Immunoaffinity Columns AflaCLEAN for Aflatoxins B1, B2, G1 and G2
Sample Preparation and Analysis
The immunoaffinity columns AflaCLEAN are developed for the sample preparation within the food analysis by HPLC with fluorescence detection and LC-MS, respectively.
They are designed for the clean-up of aflatoxins B1, B2, G1 and G2 in food and feed. The columns possess a very high matrix tolerance and are able to bind aflatoxins with a very high specificity. With only three provided extraction protocols, all matrices from A, for Apricot, to Z for Zest, can be tested whilst obtaining excellent recovery rates.

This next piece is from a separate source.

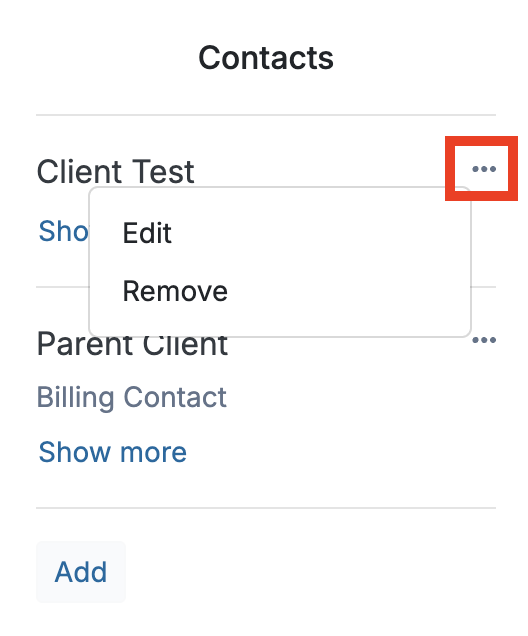 If you need to change, add, or remove a contact after you have created your contact, you can do so by by going to the client's chart, and on the right-hand panel, scroll down to the Contacts section.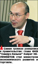 Кроме того, вчера же своим указом Н. Назарбаев назначил Кайрата КЕЛИМБЕТОВА министром экономического развития и торговли, освободив от должности председателя правления фонда национального благосостояния “Самрук-Казына”.

The AflaCLEAN columns are available in a practical 3 mL polypropylene format. Special advantages of the columns include their shelf life of 24 month from the date of manufacture, and storage at room temperature without compromising quality. The loading capacity is 150 ng B1 with recoveries of > 90 %.

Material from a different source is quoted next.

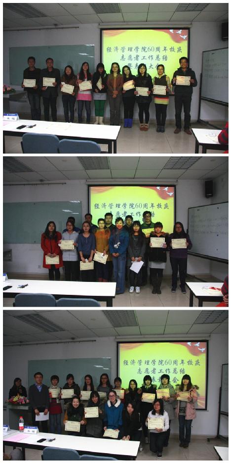 首先,衣萌老师总结了60周年校庆beats365亚洲体育投注志愿者的工作情况,介绍了志愿者招募、培训以及正式志愿服务的工作细节。随后,牟晖老师对经管学院志愿者在校庆活动中的表现给予了肯定,并鼓励同学们在学习之余积极参加各项活动,在实践中丰富自己,在志愿服务的过程中实现自我价值。最后,会议表彰了在校庆志愿活动中表现突出的志愿者,研究生指导主任牟晖老师、研究生工作办公室主任衣萌老师和2012级研究生辅导员王腾飞向受表彰的志愿者颁发了证书和奖品。

Automated Preparation via FREESTYLE SPE
Every manual method that has proved successfully in your laboratory can be automated without any problems. With FREESTYLE SPE you can process many different SPE-column formats from 1 to 15 mL, like e. g. the immunoaffinity columns AflaCLEAN of LCTech.
Extract, filtrate and dilute the pistachio paste according to the description of the manual processing. Put your samples into the FREESTYLE SPE, equip the racks with the AflaCLEAN columns, choose the method from the software and press the start button.

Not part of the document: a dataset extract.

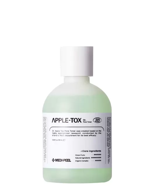 Tonerul regenerator pentru față de la MEDIPEEL Apple-Tox Dr. Pore Toner, bazat pe complexul Oriental Beauty Fruits Newplex (OBFN) de mandarine și mere necoapte, conține de 32 de ori mai mulți polifenoli decât fructele complet coapte.

Protocol of Manual Processing
Homogenize 20 g of pistachio paste and add 2 g sodium chloride. Extract the sample material with 100 mL (methanol/water (80/20 (v/v)) and 50 mL n-hexane to remove fat and essential oils. The extraction should be conducted for at least 10 minutes.
Filtrate the raw extract and dilute 2 mL with 12 mL PBS (contains 8 % Tween). Load 14 mL (represents thereof 0.4 g) onto the AflaCLEAN and wash the immunoaffinity column with 10 mL deionized water.
Dry the column by flushing air through it and elute the toxins afterwards with 2 mL methanol. Keep in mind that the column bed is incubated with methanol for at least 5 minutes in order to ensure the complete denaturation of the antibody.